The study was conducted on a wild, habituated population of white-faced capuchins monkeys (Cebus capucinus) residing in or near Lomas Barbudal Biological Reserve, in Guanacaste Province, Costa Rica. I have studied this population since 1990, and kinship relations are known for virtually all members of the study groups (Perry and Manson 2008; Muniz et al. 2006). The monkeys in this study resided in three social groups (AA, RR, and FF), though by the end of the study in 2007, AA group had fissioned once (producing FL group) and RR group had fissioned twice (producing RR2 and RR3 groups, see genealogies in S1 in the online supplement). The study groups all occupied forest that was essentially identical ecologically, and the groups had broadly overlapping home ranges, so that individuals of adjacent groups frequently visited the same Luehea trees, though never at the same time. Monkeys within the same social group forage as a fairly cohesive unit, visiting the same Luehea trees at roughly the same time. White-faced capuchins live in multi-male, multi-female groups ranging in size from 5 to 38 individuals in this population. At Lomas Barbudal, females remain with their female kin (Perry and Manson 2008; Muniz et al. 2006), whereas males first disperse at a median age of 7 years (range 5–11). Females at Lomas Barbudal give birth for the first time at a median age of 6 years. Male reproductive maturity is harder to assess and is more variable, but males reach adult size at 8–10 years.

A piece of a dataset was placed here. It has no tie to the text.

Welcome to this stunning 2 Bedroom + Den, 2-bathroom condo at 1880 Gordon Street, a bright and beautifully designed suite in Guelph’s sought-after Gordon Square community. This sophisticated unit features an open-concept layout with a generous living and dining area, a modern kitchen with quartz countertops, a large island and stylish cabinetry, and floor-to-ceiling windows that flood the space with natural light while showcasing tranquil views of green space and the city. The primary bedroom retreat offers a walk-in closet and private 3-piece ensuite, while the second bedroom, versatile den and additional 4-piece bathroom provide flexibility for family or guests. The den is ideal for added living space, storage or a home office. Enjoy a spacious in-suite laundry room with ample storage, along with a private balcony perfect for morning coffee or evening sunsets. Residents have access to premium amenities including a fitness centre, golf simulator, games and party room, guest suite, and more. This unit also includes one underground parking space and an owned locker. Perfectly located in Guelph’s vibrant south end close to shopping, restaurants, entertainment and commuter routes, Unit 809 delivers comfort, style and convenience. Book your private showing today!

Because the sons of the primary breeding male in one group often become the primary breeding male in adjacent groups (Perry and Manson 2008), there is no reason to expect significant genetic diversity between groups occupying adjacent/overlapping home ranges, as these groups do.

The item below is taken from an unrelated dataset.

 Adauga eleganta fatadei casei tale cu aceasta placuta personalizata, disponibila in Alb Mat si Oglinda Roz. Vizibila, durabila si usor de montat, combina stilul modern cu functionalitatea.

The data collection protocol during Luehea candida foraging was as follows: My field assistants and I rotated through the monkeys feeding on Luehea, narrating detailed food processing observations onto microcassette recorders from the time a monkey began processing a fruit. When the fruit was dropped, the researcher switched to a new focal animal, waited until it began processing a new fruit, and continued recording the data until that fruit was dropped. During each sampling period, researchers noted (1) the focal monkey’s processing techniques, (2) the identities of all other monkeys foraging on Luehea within ten body lengths (400 cm) of the focal animal, and (3) all instances in which the focal monkey’s gaze was oriented toward a neighbor foraging within 400 cm of the focal (and the identity of that neighbor). All individuals of all age–sex classes were included in this data collection protocol. Tallies of data collected were maintained at the project headquarters so that under-sampled individuals could be given top priority for data collection. We attempted to sample all individuals evenly, but this was not always possible, because some monkeys forage on Luehea more than others.
In all statistical analyses, the term “years” refer to “developmental years,” i.e., the number of Luehea seasons that the developing monkey has experienced, so that if an individual was born in the middle or end of Luehea season and hence had not yet begun leaving the mother’s back prior to the end of the fruiting period, year 1 for that individual would be the year including the following Luehea season. Births are seasonal, with 69% of births occurring toward the end of the fruiting season, between April and July; the median birthdate is in May, the last month during which Luehea is typically a common item in the diet.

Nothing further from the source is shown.